For a prime $p$, a natural number $n$ and an integer $a$, we let $S_n(a,p)$ denote the exponent of $p$ in the prime factorisation of $a^{p^n} - 1$. For example, $S_1(4,3) = 2$ and $S_2(6,2) = 0$. Find all pairs $(n,p)$ such that $S_n(2013,p) = 100$.
Problem
Source: Indian IMOTC 2013, Practice Test 1, Problem 1
Tags: number theory proposed, number theory
06.05.2013 10:13
Since $S_ n(2013,p)=2013^{p^n}-1$, we get $p|2013^{p^n}-1\implies (2013,p)=1$. But, using FLT, $p|2013^{p-1}-1| 2013^{p^n-1}-1 \implies p|2012 \implies p=2,503$. Now, using LTE, we get $(n,p)=(99,503),(98,2)$.
06.05.2013 13:43
My solution is same as dibyo99
08.05.2013 07:46
We are given , highest power of $p$ dividing $2013^{p^n} -1 $ = $100$ . since $p^{100}|2013^{p^n}-1 \implies (p,2013)=1$ Now we using Fermat theorem , which gives $p|2013^{p-1}-1$ and since $(a^n-b^n,a^m-b^m) = a^{(n,m)} - b^{n,m} $ Gives , $p|2013^{p^n-1}-1$ and since $p|2013^{p^n}-1$ means $p|2012 $ which means $ p=2,503$ . If $p=2$ then , Since $4|2012-1 \implies v_2(2013^{2^n}-1) = v_2(2012)+n = 2+n = 100 \implies n=\boxed{98}$ If $p=503$ then $v_{503}(2013^{503^n}-1) = 1+n=100 \implies n=\boxed{99}$ So only solutions are $(n,p)=(98,2),(99,503)$ $\Box$
26.12.2018 18:14
Nice and easy.
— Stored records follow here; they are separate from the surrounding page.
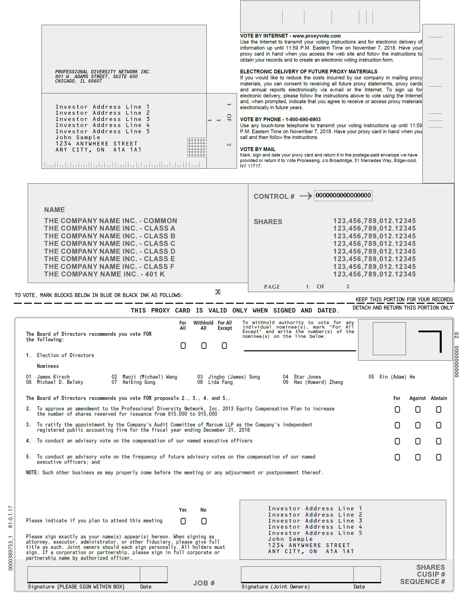 The Board of Professional Diversity Network recommends that Professional Diversity Network stockholders vote FOR the election of each nominee for director (Proposal 1), FOR the amendment to the Professional Diversity Network, Inc. 2013 Equity Compensation Plan (Proposal 2), FOR the ratification of the Company’s selection of Marcum LLP as the Company’s independent registered public accounting firm (Proposal 3), FOR the approval of the compensation paid to our named executive officers as disclosed in this Proxy Statement (Proposal 4) and FOR the approval of the frequency of future advisory votes to approve the compensation of our named executive officers (Proposal 5).
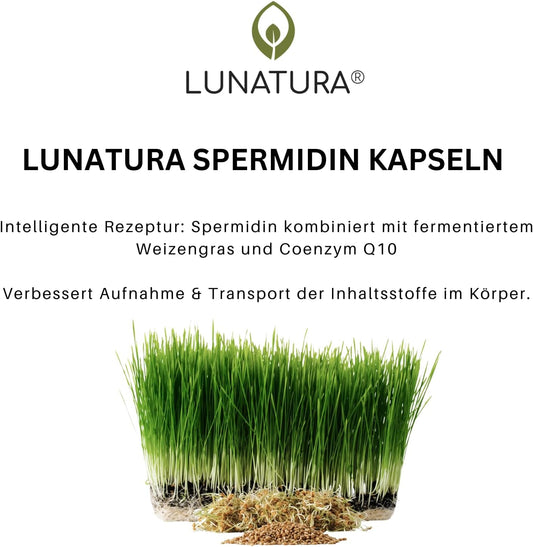 Lunatura Spermidin mit Q10 und fermentiertem Weizengras – 60 Kapseln
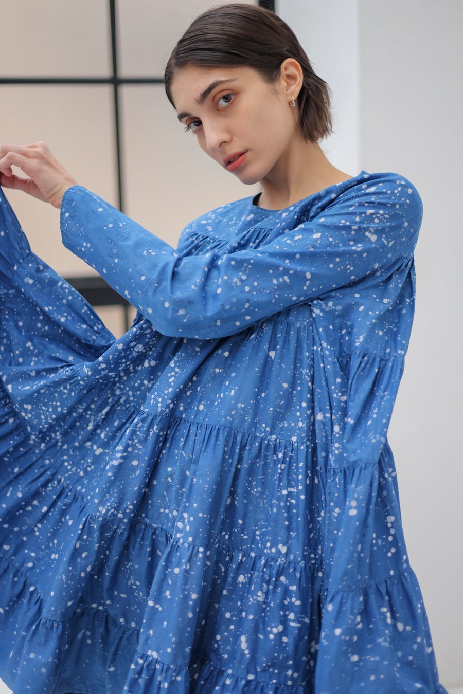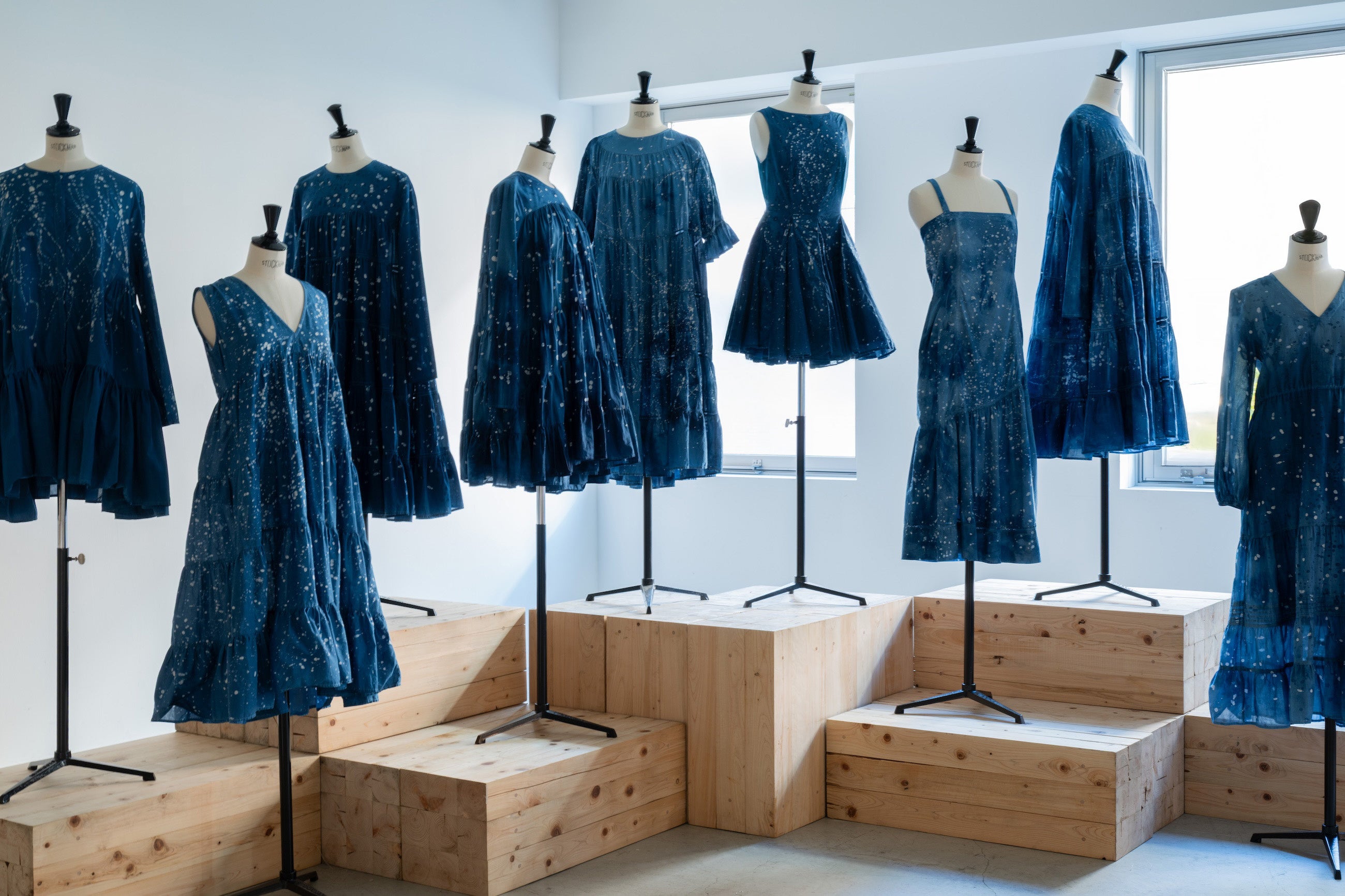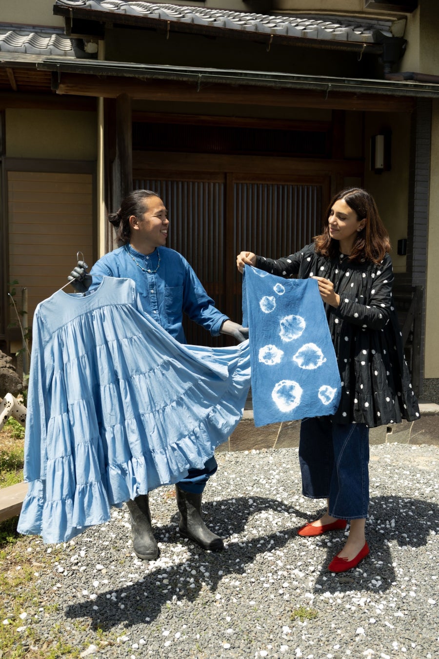 ニューヨークで“ジャパンブルー”に出会い、100年前(大正時代)に滅びてしまった京藍を復活させ、藍染のはじまりの地である地元京都・洛西で日本古来の植物で藍染をしているアーティストの松﨑陸氏。OEKO-TEX🄬認証されたコットンやリネンなどの天然素材を毎シーズン使い続け生地ロスを減らすなど、サステナブルな生産背景を持つニューヨークブランド・マーレットのMarina。

Here's my solution: We are given that $p \mid 2013^{p^n}-1$. Taking $\text{ord}_p(2013)=k$, we have $$k \mid p^n \Rightarrow k=p^r \text{ for some } r \in \{0,1, \dots ,n\} \Rightarrow \text{As } k \mid \phi(p) \text{, so we get that } p^r \mid p-1 \Rightarrow r=0$$where the last equality follows from the fact that $\gcd(p^r,p-1)=1$. This means that $p \mid 2013-1 \Rightarrow p=2 \text{ or } 503$. Then, using Lifting The Exponent Lemma, one easily gets the desired solutions as $\boxed{(p,n)=(2,98) \text{ or } (503,99)}$
08.02.2022 15:13
$2013^{p^n} \equiv 2013^{p^{n-1}} \equiv ... \equiv 2013 \equiv 1$(mod$p$).
06.11.2024 19:21
$S_n(a,p)= \nu_p(a^{p^n}-1)$. $a^{p^n} \equiv 1(mod p) \implies ord_p(a)=p^k$ and divides $p-1$ which gives $a-1$ is divisible by $p$. This implies $p=2,503$. Now just use $LTE$ to finish.